In the first five decades of the last century, Kerala witnessed a Hindu renaissance. The sprit of reawakening continued over this land for over a period of half a century and cleansed the societal sin of a millennium without much pain. Behind this wonderful social transformation lay the hegemonic role of Sree Narayana Guru. He ably introduced a multifaceted strategy for the modification of the rusted Malayali psyche. The average Malayali for a thousand years was stunned before the nectar of Advaitam, monism, was presented by Adi Sankara (788 – 820 CE). For more than a millennium, the doctrine of non-duality [15] remained in the psyche of average Malayalis as an indigestive one.
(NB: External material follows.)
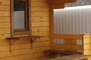 Баня выполнена из сухого бруса. А парная имеет дополнительные стены, изготовленные по каркасной технологии – для максимального сохранения тепла. Толщина стен парной около 130 мм

At this critical juncture of Malayali social life, Sree Narayana Guru played the role of an incarnation and brought Sankara’s philosophy of monism from its lofty ivory towers and presented it before the multitudes in an easily digestible form. He presented the glory and synchronization of Sankara’s view of oneness/non-dualism in a more popular catchphrase of “one jati, one religion, one god for man.” Through this exposition he was able to dictate the oneness of humanity, the sum and substance of Sree Sankara’s philosophy, to all levels/strata of society. It was not an evasion or a strategic retreat from contemporary social realities.
This revolutionary disclosure of the Guru was really the true reflection of Hindutva. The Hindu society of his days was under pressure of external threat of proselytism and internal social antagonism based on birth/jati. His new catchphrase was sufficient to keep the Hindu jatis in their respective religious conviction or dharma. His was an age of mass conversion from lesser Hindu jatis to various alien dharmas. Guru’s endeavour really put a brake to the notorious missionary attempt of taking advantage of Hindu delinquency.
Through this message, he was able to redefine the role of religion in the social life of man. The hermeneutic of Guru’s mission was to establish the idea that religion is for the well being of all humanity, and that man is not for the sake of religion.
At the same time, he was able to keep society in its own linear culture and tradition without infringing the existing social structure, and simultaneously defused and neutralized the age-old diabolic social relations and established recognition to egalitarian social values from top to bottom without shedding a drop of blood. That is why Rabindranath Tagore once pictured him: “I have been touring different parts of the world. During these travels, I have had good fortune to come into contact with several Saints and Rishies. But I have frankly to admit that I have not come across one who is spiritually greater than Swami Narayana Guru of Malayalam” [16].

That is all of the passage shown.